Mark Eggleton
In the films Mon Oncle and Playtime by the late great French film director and comic Jacques Tati, the character Monsieur Hulot is a helpless innocent in a remarkably cold and impersonal modern world. Both films were shot over 40 years ago and they beautifully capture a time that’s rather like now. We’re all rather caught up in our virtual world of email, texting, tweeting and more, but we seem to have forgotten that something a little more real exists.
A stay at Melbourne’s Crown Metropol is a classic example of our modern world. For all intents and purposes it’s a beautiful hotel with a colour palette of cool greys and an assortment of warmish browns throughout. It boasts large, comfortable, tastefully designed rooms with the stylist’s right mix of hard and soft furnishings.
The public areas featuring slow curving streamlined corridors and virtually soundless elevators that disgorge silent passengers on every floor ooze a cool sophisticated ambience. There’s a stunning pool on Level 27 and a modern, sleek gymnasium full of non-sweating people with well-honed physiques.
Down on Level 1, Mr Hive Kitchen and Bar is a stylish redoubt on the hotel fringes leading into the vast Crown Entertainment Complex. The food inside is gorgeously crafted by a team led by chef John Lawson and the bar service is cool and efficient.
All of it fits a sleek five star hotel offering. The bones are there. The skin covers the bones. It’s a pretty damn good-looking hotel. Yet just like Mr Tati’s fictional cinematic world Crown Metropol lacks a beating heart.
On a recent stay for four nights I walked into the hotel, past two nicely uniformed but relatively disinterested doormen, to a reception where a staff member asked for my name and credit card. He mentioned how the key worked, thanked me for my card and suggested I “enjoy my stay”. And that was it. I didn’t see or hear of another staff member for four days. I wandered empty corridors and left through an entrance devoid of staff until my last morning when I stepped into a lift alone and descended.
“Good morning sir - anything from the mini-bar last night? Did you enjoy your stay?” was the greeting from a different front desk person, the second staff member I’d seen.
It was a completely modern first world experience. No human interaction and the alienation that comes with that. I was trapped in a sci-fi film. A prisoner in a five-star future devoid of humans. At one stage I even wondered if there had been a zombie apocalypse and I was the only one left in the hotel.
Continuing with the theme of human detachment was my room's rooftop car park view. It was always full but no-one ever seemed to get into or out of a car. Occasionally men in dark mobster-chic suits would clump together in small groups of three or four but never enter a vehicle. They’d chat and gesture before disappearing into stairwells. It was all rather surreal.

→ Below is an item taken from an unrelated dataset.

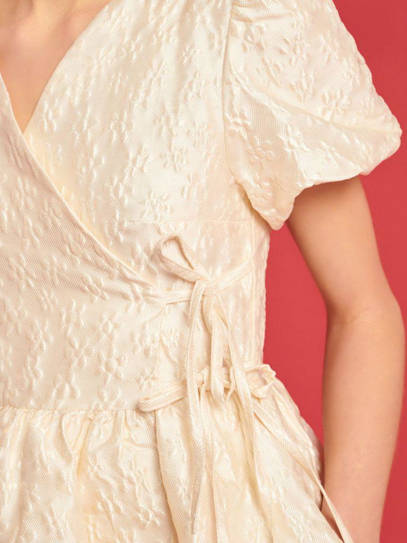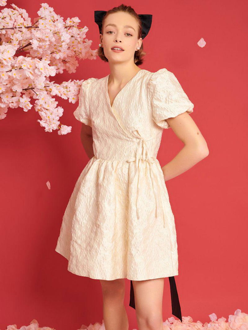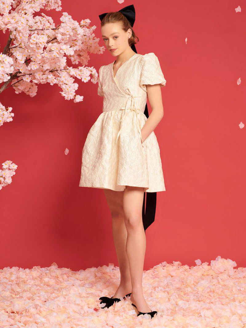 In a wrap over style with a full skirt with side seam pockets, this mini dress from Sister Jane is made in a floral jacquard fabric with a full lining.

Yet the hotel was keen to charge for things. In my large, gloriously appointed marble and glass bathroom was a pricelist for personal items such as a toothbrush or a shaver. Cracking into the hotel Wi-Fi involved another transaction - a practice Australian hotels need to stop. You can get free Wi-Fi in McDonalds.
I would suggest it all comes down to that personal touch. Little things like a concierge who greets you in the morning as you walk downstairs. Maybe a general manager who cruises the floor a few times a day and flags down occasional guests for a brief chat or housekeeping staff that say good morning to you in the corridor. Maybe even a turndown service at night so you feel like someone in the hotel cares that you get a good night’s sleep.
It’s all about giving a hotel heart in a world where there are fewer places promoting organic human interaction. You kind of expect humanity in a hotel – they’re in the hospitality industry. A hotel is delivering you a home for the night. Beautiful design and style might look good online but they don’t deliver a wonderful guest experience and that’s what great (even good) hotels should be delivering every night the world over.